__Instructions for the task__: Would you mind restating all of the records word for word, skipping the pictures?

__The records__:
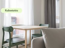 Koti on valmiiksi kalustettu muuttaessasi sisään ja vuokrasuhteen päätyttyä kalusteet jäävät asuntoon.
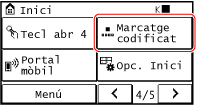 Al tauler de control, premeu [Marcatge codificat] de la pantalla [Inici].
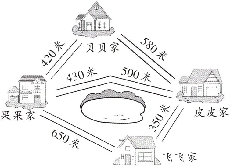 (2)果果从家出发去皮皮家,一共有几条路可以走?最少要走多少米?
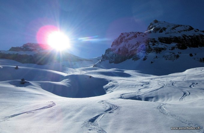 Abfahrt: Oben pulverig, doch recht verfahren. Ganz im Schatten fanden wir noch ein paar schöne Pulverabschnitte. Dann ein Abschnitt mit rasch wechselndem Schnee. Ob dem Wald wieder schön mit gutem Sulz. Wegen den vielen harten Spuren sind wir wieder über die Waldstrasse abgefahren.
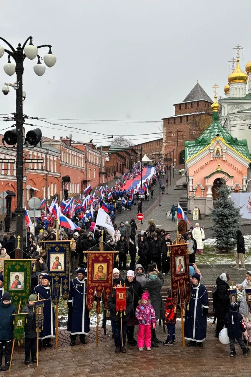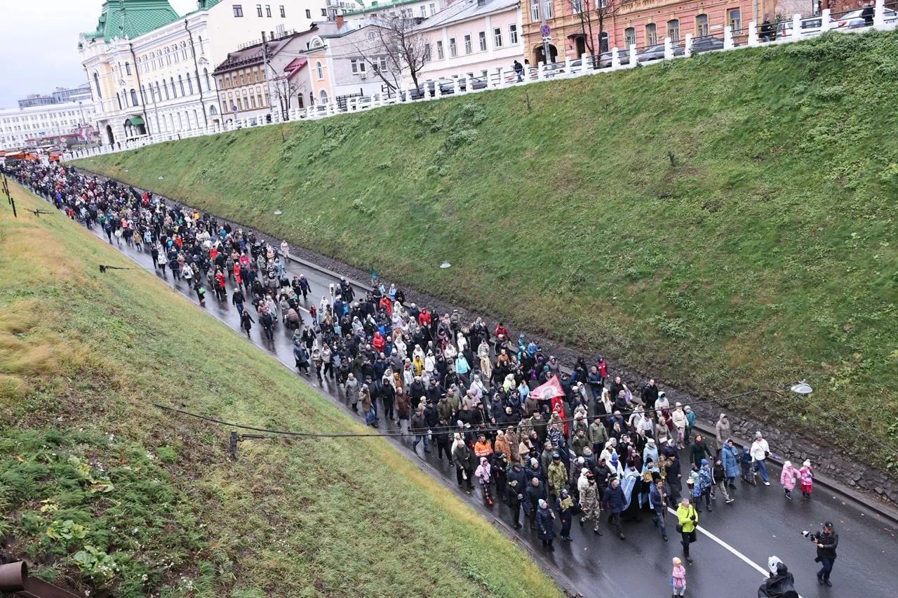 Ни дождь, ни ветер не помешали празднованию Дня народного единства. Согретые теплом своих сердец и любовью к Родине, тысячи людей, семьями, с маленькими детьми собрались в центре Нижнего, чтобы почтить память героев ополчения 1612 года. Прошли крестным ходом до площади Единства и помолились за добровольцев, отправляющихся сегодня на специальную военную операцию.

__Task answer__:
 Koti on valmiiksi kalustettu muuttaessasi sisään ja vuokrasuhteen päätyttyä kalusteet jäävät asuntoon.
 Al tauler de control, premeu [Marcatge codificat] de la pantalla [Inici].
 (2)果果从家出发去皮皮家,一共有几条路可以走?最少要走多少米?
 Abfahrt: Oben pulverig, doch recht verfahren. Ganz im Schatten fanden wir noch ein paar schöne Pulverabschnitte. Dann ein Abschnitt mit rasch wechselndem Schnee. Ob dem Wald wieder schön mit gutem Sulz. Wegen den vielen harten Spuren sind wir wieder über die Waldstrasse abgefahren.
 Ни дождь, ни ветер не помешали празднованию Дня народного единства. Согретые теплом своих сердец и любовью к Родине, тысячи людей, семьями, с маленькими детьми собрались в центре Нижнего, чтобы почтить память героев ополчения 1612 года. Прошли крестным ходом до площади Единства и помолились за добровольцев, отправляющихся сегодня на специальную военную операцию.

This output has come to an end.